To reference our earlier suggestion about certification and compliance, it’s worth noting that federal data laws like HIPAA and GLBA demand regulated businesses to safeguard their customers’ data. Among other measures, deploying a secure offsite backup solution is just one of those requirements. This is to ensure that if the company’s headquarters are affected by a power outage or fire, their customers’ data can still be recovered and accessed.
An appropriate level of fault-tolerance
Another important but unsexy component of your product roadmap should be a focus on setting up the right hardware to support your expected levels of traffic.
You will need to understand the volumes of traffic your product is likely to receive —how many simultaneous visitors, what features they will be using and how much bandwidth that usage will require to maintain a stable and acceptable user experience.
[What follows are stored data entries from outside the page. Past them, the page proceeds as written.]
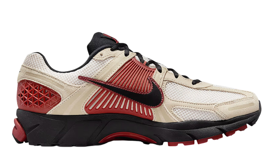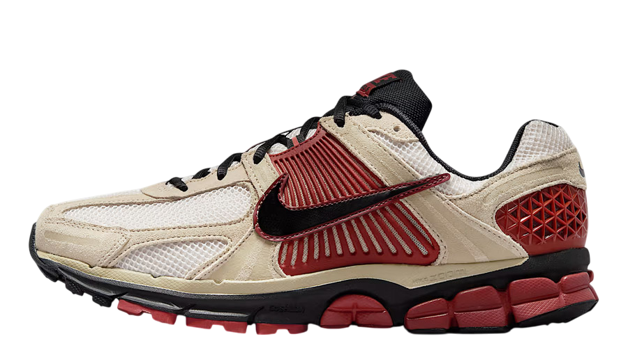 The Nike Air Zoom Vomero 5 “Desert Khaki Maroon” steps up with a rugged, outdoors-inspired look that blends earthy tones with refined details. This release features a layered mix of materials, pairing breathable textiles with durable suede overlays. The Desert Khaki suede wraps the upper, while hits of reddish maroon on the midsole, plastic heel cage, and midfoot panel add a sharp contrast. Black accents on the Swoosh, interior lining, and portions of the outsole balance the design, giving it a slightly retro nod similar to the “Escape” Air Force 1 colourways.
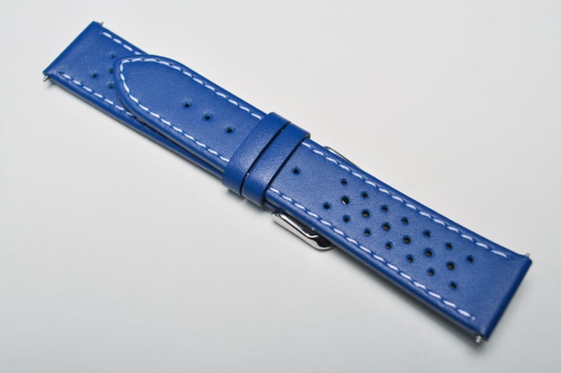 Skórzany pasek typu Tropic. Charakterystyczne drobne dziurki. Przeszyty białą nicią. Płasko pogrubiany do 3mm. Czarna licowa futrówka. Dwie szlufki. Stalowa klamerka. W komplecie teleskopy.
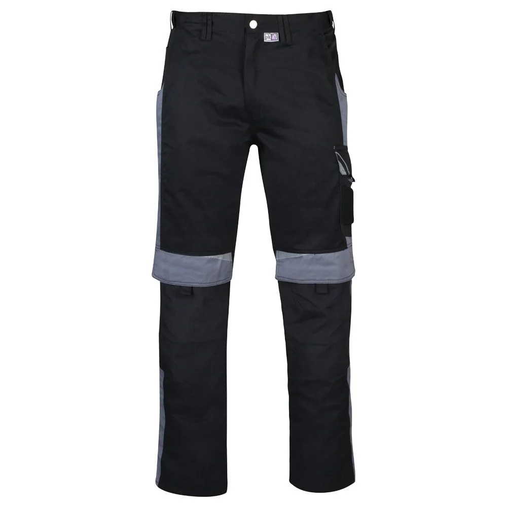 diese moderne PKA Bundhose Arbeitshose in verschieden Farben aus der Bestwork New Kollektion bietet eine optimale Passform mit 3-fach Kappnähten.Die Arbeitshose ist mit reflektierenden Applikationen ausgestattet und bieten einen angenehmen Tragekomfort. Der Hosenbund diser PKA Bundhose ist dehnbar durch flexibles Gummiband. Diese Arbeitshose hat 2 integrierte Eingrifftaschen und einen Metallreißverschluss im Hosenschlitz.Des Weiteren verfügt die Bundhose über 2 verstärkte Gesäßtaschen mit Patte und Klett und eine 1 Cargotasche mit integrierter Handytasche und Zusatztasche.Die Zollstocktaschen haben zusätzlich aufgesetzten Zusatztaschen und reflektierende Applikationen.
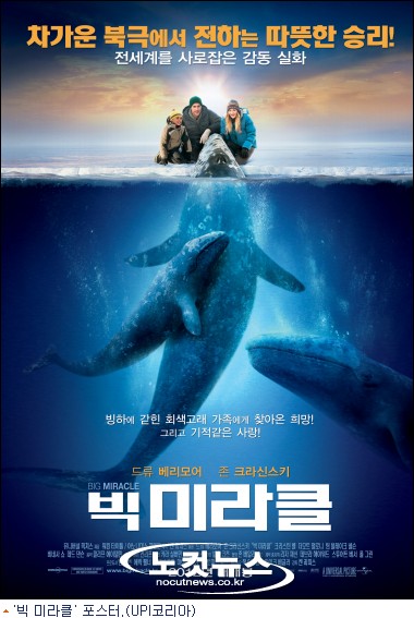 '빅 미라클' 포스터는 북극의 푸른 바다 속 거대한 회색고래가 빙하의 작은 구멍으로 간신히 고개를 내밀고 인간들을 바라보고 있는 모습이 눈에 띈다. 또 전세계가 하나로 뭉쳐 고래를 구하기 위한 작업 과정을 담은 예고편은 실화가 주는 감동을 느끼기에 충분했다.
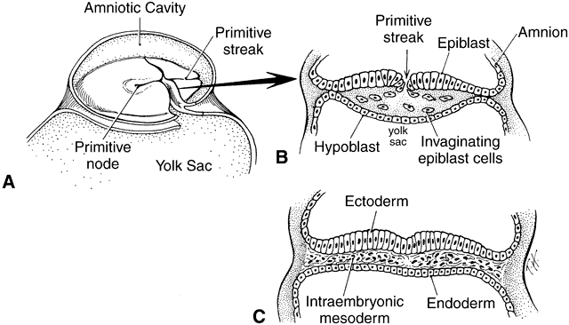 for many ocular malformations that occur in humans. Gastrulation (formation of the mesodermal germ layer) occurs early in gestation (day 7 in mice, day 20 in humans). The primitive streak forms as a longitudinal groove within the epiblast (future ectoderm) of the bilaminar embryonic disc. Epiblast cells migrate medially toward the primitive streak where they invaginate to form the mesodermal layer (Fig. 1). This forms the classic three germ layers: ectoderm, mesoderm, and endoderm. Gastrulation progresses in a cranial to caudal direction. Concurrently, cranial surface ectoderm proliferates forming bilateral elevations called neural folds (Fig. 2). Columnar surface ectoderm in this area now becomes neural ectoderm. Experimental studies in mice using acute exposure to teratogens have demonstrated the significance of the period of gastrulation to later ocular development. Exposure to ethanol or retinoic acid during a short period equivalent to the third week of human gestation causes primary damage to the forebrain neural ectoderm.22–24 This results in a spectrum of malformations including microphthalmia, anterior segment dysgenesis (Peters' anomaly), iris and optic nerve colobomas, and persistent hyperplastic primary vitreous.25,26 As the neural folds elevate and approach each other (neurulation), a specialized population of mesenchymal cells, the neural crest, emigrates from the neural ectoderm at its junction with the surface ectoderm. In the development of the eye, the neural ectoderm (deriving from the neural plate and neural folds), the surface ectoderm, the neural crest, and, to a lesser extent, the mesoderm are of importance (Table 1).
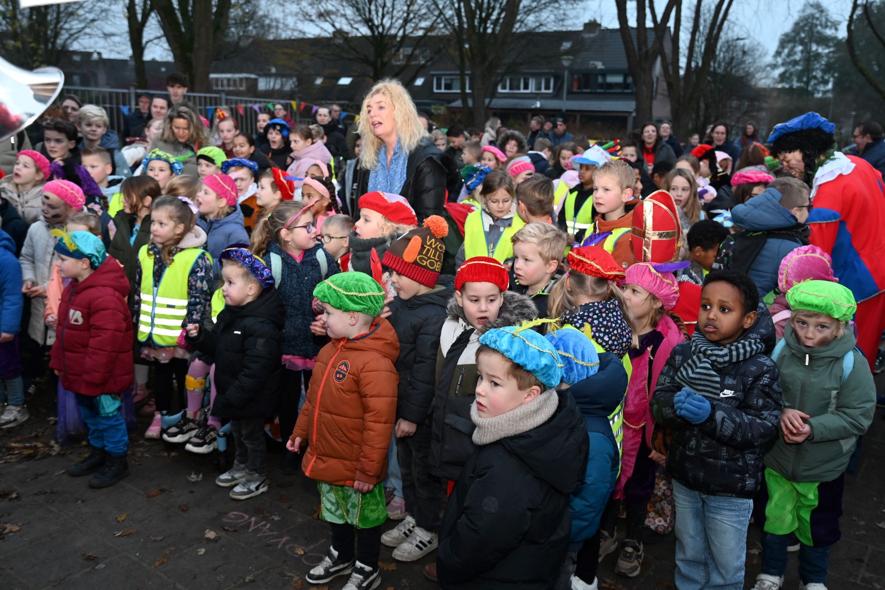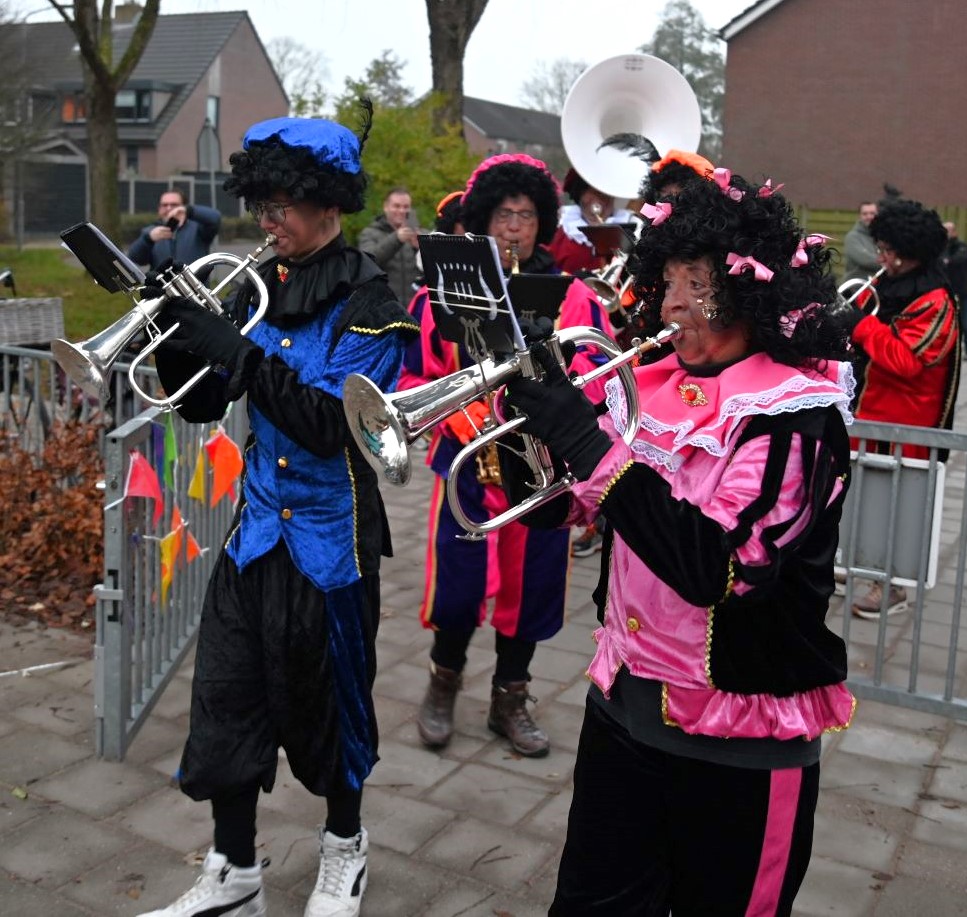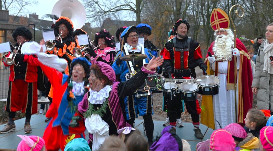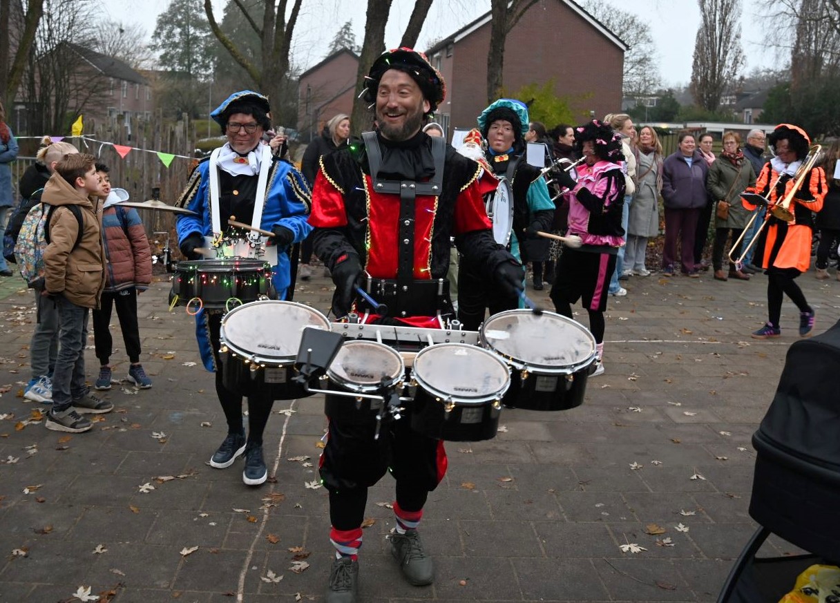 Sinterklaas heeft vrijdag 5 december voor de eerste keer in zijn leven de nieuwe Nijkerkse basisschool De IJsvogel bezocht. Daar werd hij naast het nieuwe schoolgebouw verwelkomd door directeur Marije Dekker. Hij nam niet alleen veel Pieten mee, maar ook een muzikale Pietjesband. Dat bracht niet alleen Sinterklaasliedjes ten gehore, maar ook de IJsvogeltjesdans. Foto Kees van den Heuvel
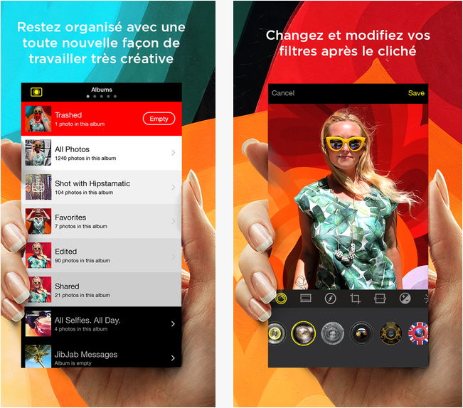 Avec la dernière mise à jour, Hipstamatic s’enrichit avec des fonctionnalités d’édition photo : filtres, textures, suppression de bruit… 12 modèles prédéfinis sont disponibles mais il est possible d’en créer d’autres totalement personnalisés. L’application est aussi compatible avec l’iPhone 6s : la fonctionnalité 3D Touch est supportée tout comme la prise en charge de l’appareil photo de 12 Mpx.
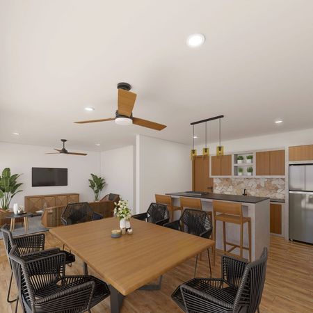 • Carpintería en cocina con barra de granito Santo • Tomas, parrilla de gas y lámpara decorativa.
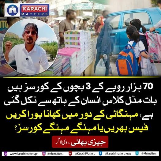 سوشل میڈیا کانٹینٹ کریئٹر جیزی بھائی نے ایک ویڈیو پیغام شیئر کرتے ہوئے کہا ہے کہ 70 ہزار روپے کے 3 بچوں کے کورسز ہیں! کس طریقے سے بھریں گے؟ اس مہنگائی کے دور میں کھانا پورا کریں یا مہنگے مہنگے کورسز اور فیس بھریں، بات اب مڈل کلاس انسان کے ساتھ سے باہر نکل چکی ہے، غریب کا بچہ کس طرح پڑھے گا
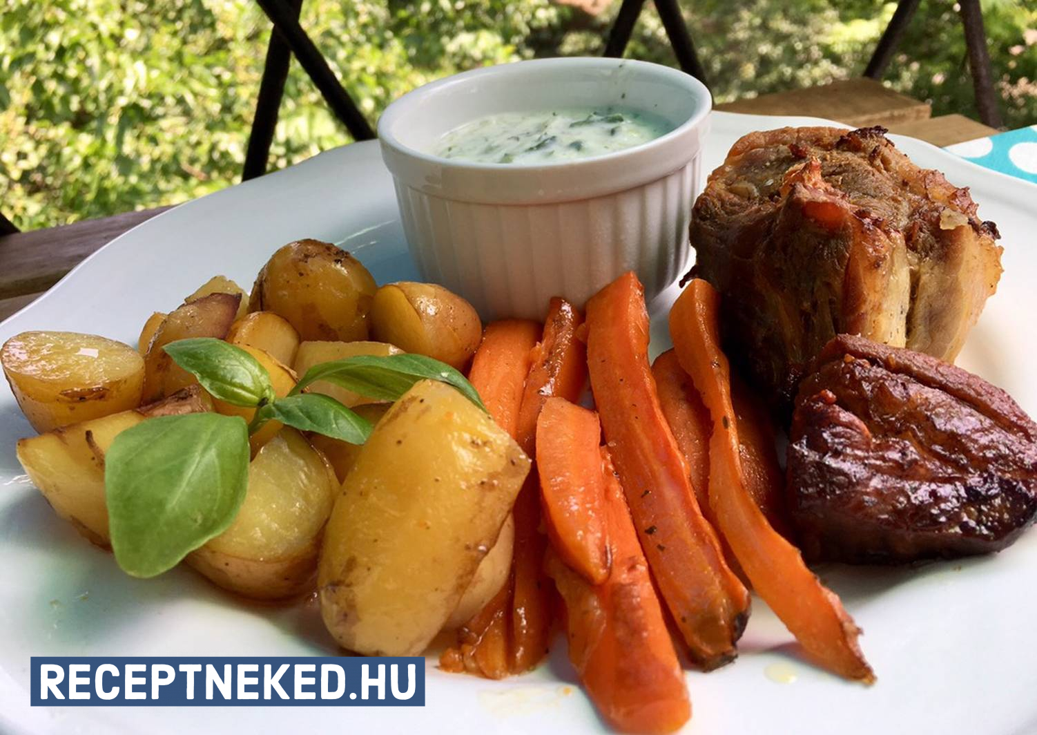 Fedő alatt sütjük. Sütés közben megforgatjuk és az elpárolgott vizet pótoljuk. Félidőben a zúzott fokhagymát rászórjuk.
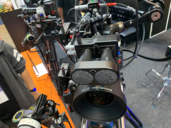 言わずもがなのハイレゾRAW撮影のパイオニア、RED。今年は、レンタルハウス専用であったRANGERを、一般に販売開始を受けて展示している。RANGERは、スペックはDSMC2と同等であるが、必須であるインアウト系やパワーサプライを標準装備させた筐体で、オールインワンのカメラに仕上がっている。REDのカメラはカスタマイズ性に優れていることが売りであるが、反面複数台のカメラが必要なとき、装備しているアクセサリーが全て違うものが現場にあったりする局面が多い。スタッフはそのそれぞれに対してのケアが必要になる。

The hardware architecture you’ll need to support 1,000 customers will of course be very different from the hardware you’ll need to handle 1,000,000 customers.
For this reason, you might also want to campaign for a hardware architecture that is designed for faster and easier scalability. That way, if your product experiences the coolest of all “disasters” — overwhelmed with greater-than-expected customer usage — you will be able to quickly ramp up capacity to keep your customer enjoying a high-quality user experience.
“Fault tolerance: not as sexy as a new feature, but still important for your roadmap.”
Of course, some of the suggestions we’re offering here might fall under the responsibility of your engineering team or some other department in your company — and not product management. That’s okay. The important thing is that you have these disaster prevention items on your mind and that they make it onto the product roadmap.
How about you? What disaster preparedness or recovery strategies has your company put into effect? Have they proven useful? Please share them here. These are the types of learnings we’d much rather gain by reading a blog post than from firsthand experience.